P14088 [ICPC 2023 Seoul R] Fraction

A basic fraction can be represented by three integers $(a,b,c)$ which denotes $a+\dfrac{b}{c}$ where $1\le a,b,c\le 9$. An extended fraction has the form of $(a',b',c')$ where $a'$, $b'$ and $c'$ may be integers between one and nine or other extended fractions. Note that a basic fraction is also an extended fraction, and the length of the fraction is finite. Given an extended fraction, we want to express its value as irreducible fraction. For example, the irreducible fraction of $((1\ 2\ 4)(5\ 2\ 3)(4\ 3\ (2\ 7\ 3)))$ is as follows. $$\left(1+\dfrac{2}{4}\right)+\cfrac{5+\cfrac2 3}{4+\cfrac 3{2+\cfrac 7 3}}=\dfrac {991} {366}$$ Given a string form of an extended fraction, write a program that converts the extended fraction into the irreducible fraction.

Your program is to read from standard input.
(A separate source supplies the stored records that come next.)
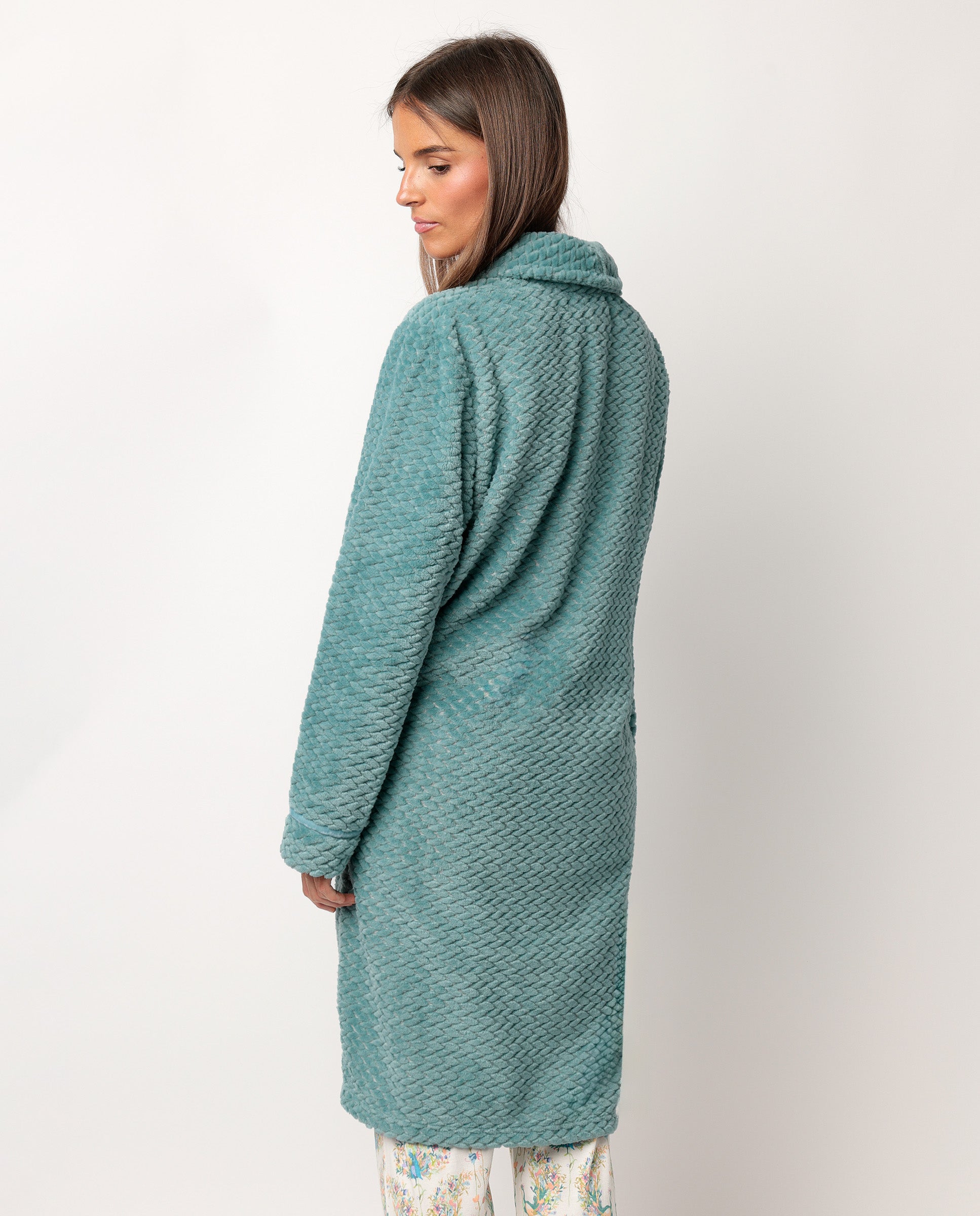 * Bata de tejido polar muy calentito, corel jacquard, de manga larga, en color aqua.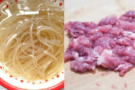 第二步,处理食材。取适量红薯粉放入冷水中浸泡40分钟,让它充分泡发变软,用手挑起来能够绵软的搭在手上,用手指甲能够轻松掐断就可以了。将泡好的红薯粉捞起来,沥干水分,放入碗中待用。将瘦肉清洗干净,先切成丝再剁成肉末,尽量切得碎一些。将生姜、大蒜、香葱和青椒分别切成碎末,分开放好。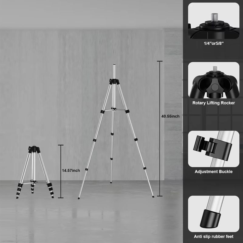 The Tripod can expand to 37-1/2 inch, helping you adjust the position of the laser for maximum accuracy. It has a closed height of 17 inches, ease of storage; Equipped with a magnetic bracket, the laser tool can be rotated at 360° randomly. The magnetic bracket offers 1/4"-20 mount threads to suit tripod.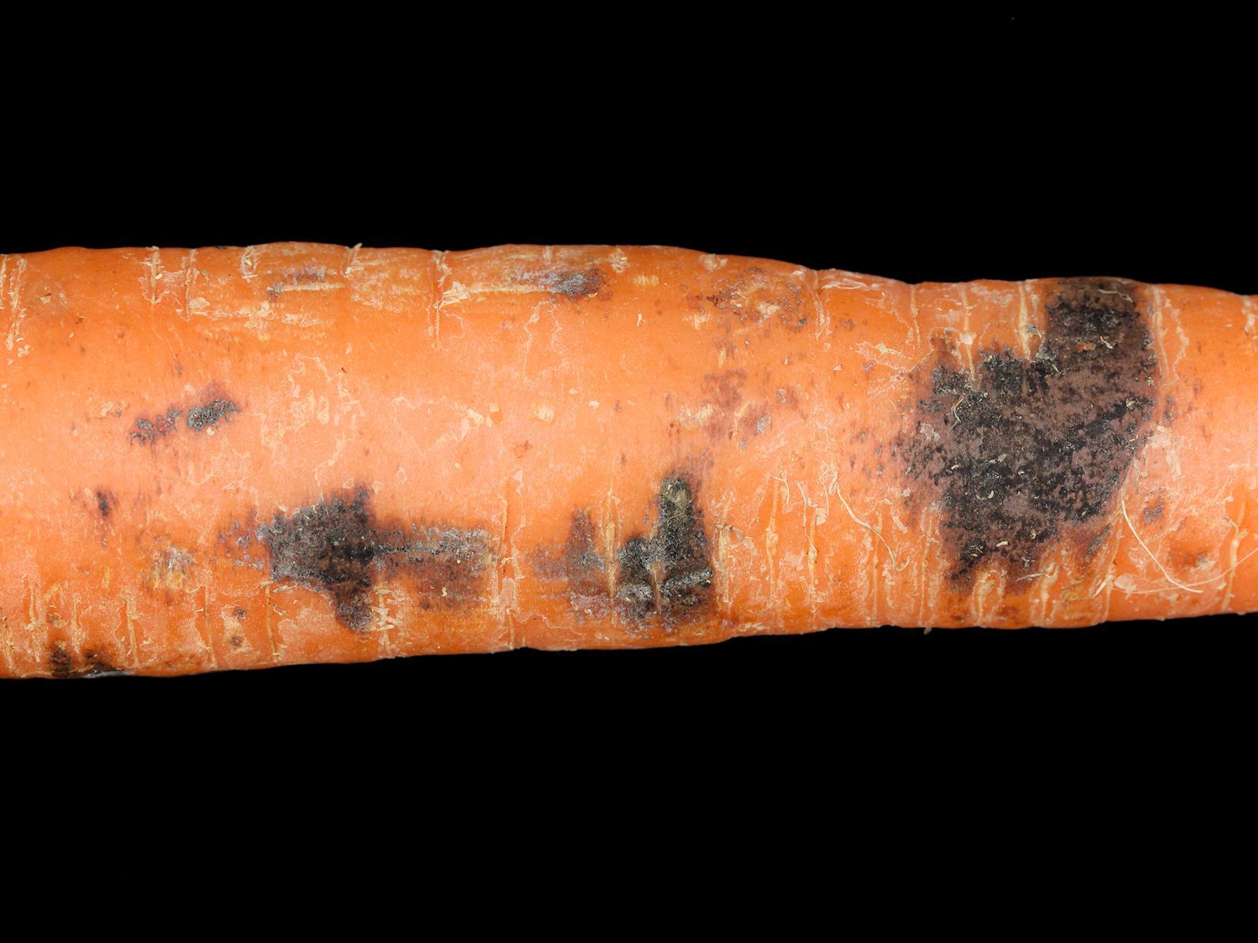 Description: Sur l’épiderme d'une carotte provenant d’un champ, présence de lésions noires, superficielles et irrégulières. Les observations microscopiques ont révélé la présence de chlamydospores du champignon Berkeleyomyces basicola (syn. Thielaviopsis basicola), responsable de la pourriture noire des racines.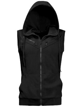 ソウテン ノースリーブ ベスト タンクトップ フード付き 袖なしパーカー 無地 トレーニング フィットネス メンズ ブラック XXL/50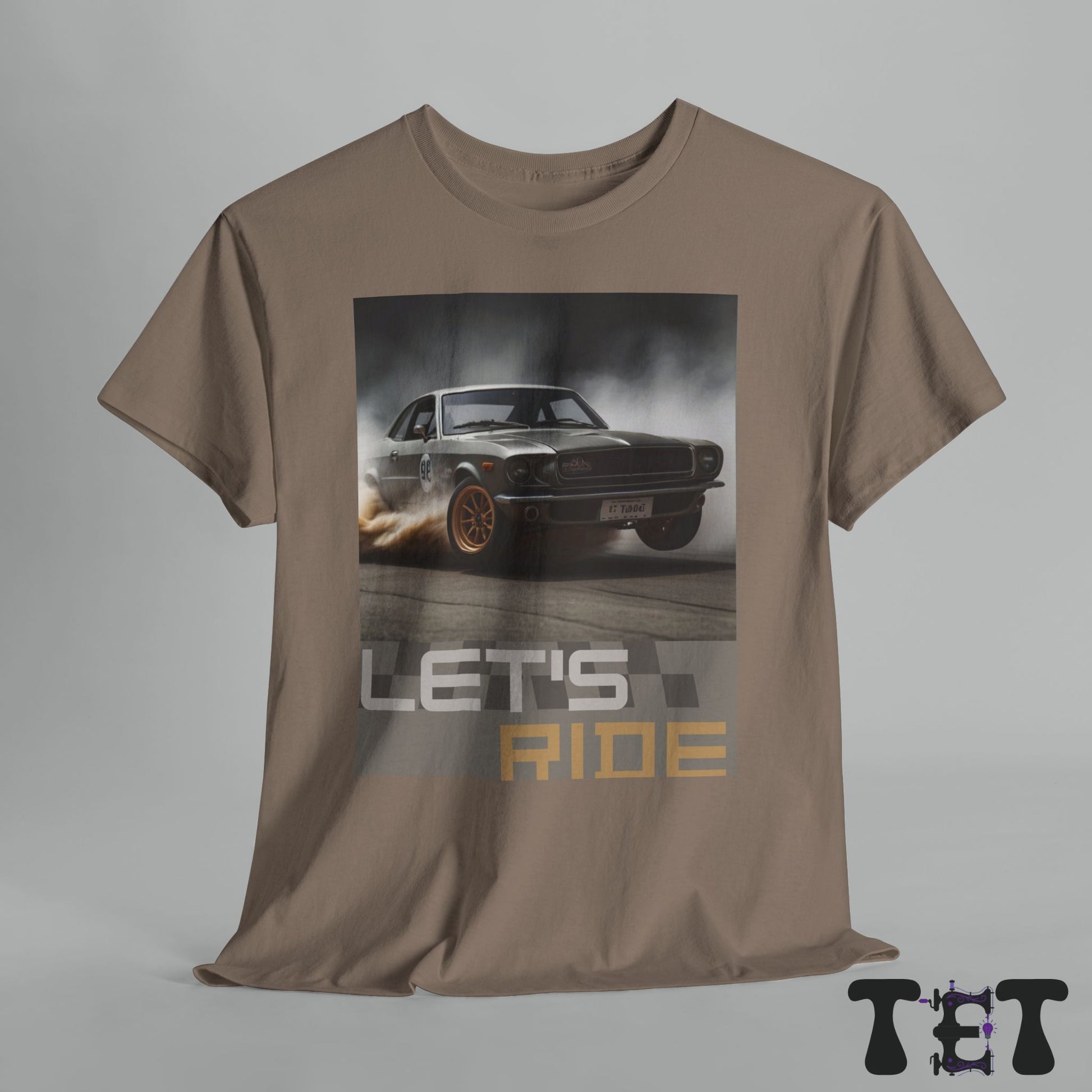 Rev up your style with our Dodge Drift Street Racer Tee. This bold black T-shirt features a classic muscle car performing an epic drift—complete with dynamic smoke effects, the iconic number '96', and a standout license plate '17 7006'. The commanding 'LET'S RIDE' script in white and gold perfectly captures the thrill of street racing, making it a must-have for Dodge lovers and car enthusiasts alike.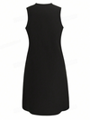 Vestito casual nero senza maniche con scollo a V e colletto a stelo per signore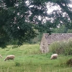 あちこちに羊を見る大自然と、湖がある静かな風景。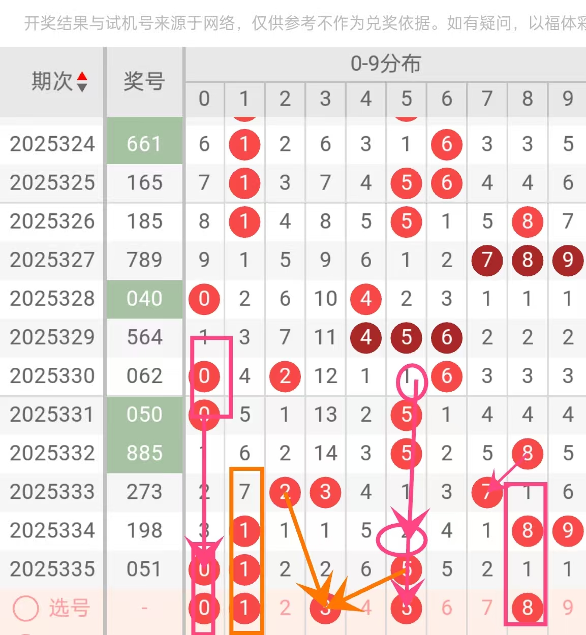 海青胆喻指“深藏不露、蓄势待发”的号码,通常具备较长的遗漏潜力或即将结束冷态。数字“0”近30期仅出现7次,相对偏冷,但最近5期已出现2次(2025335、2025331),呈现明显的“回暖迹象”。该号码多出现在首尾位置,且常与“5”“1”形成“小零组合”,具有一定的结构召唤力。从历史周期看,“0”在冷态结束后常迎来连续出号,下期有望从“深海”中浮出,成为意外之喜。
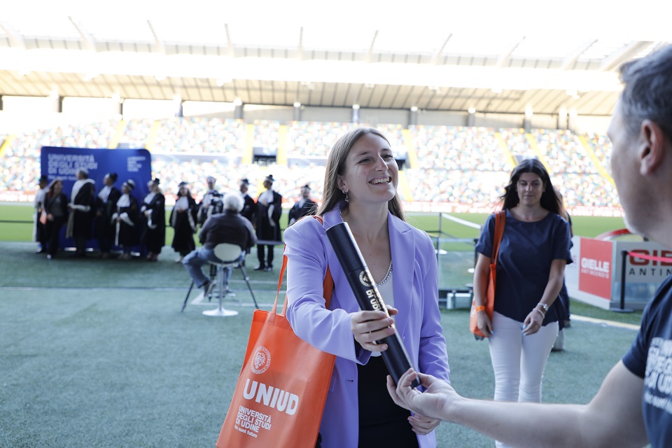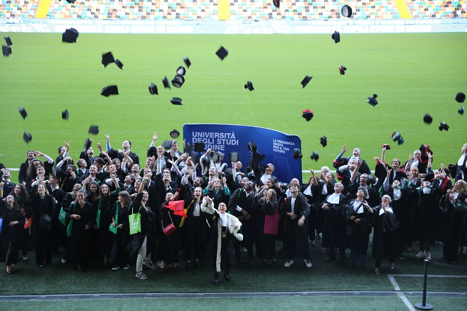 UDINE, 21 settembre 2024 – Un grande successo ha contraddistinto il quarto Graduation Day dell’Università di Udine, che ha visto la partecipazione di circa 5000 persone, tra cui circa 900 laureati accompagnati da familiari e amici, un centinaio di docenti e una cinquantina di volontari. Questo evento, dedicato ai laureati dell’ultimo anno, si è svolto questo pomeriggio allo Stadio Friuli–Bluenergy Stadium, creando un’atmosfera festosa e ricca di emozione.

The input starts with a line containing one integer $n$ ($2 \le n\le 100$), where $n$ is the number of symbols which are parentheses and digits between $1$ and $9$. The second line contains symbols, separated by a space, which represent an extended fraction.

Your program is to write to standard output. Print exactly one line. If the answer is $x/y$ the line should contain two integers $x$ and $y$, which are relatively prime to each other. Otherwise, (for example, when the input is not valid) print `-1`. You will need 64-bit integers to get the correct answer.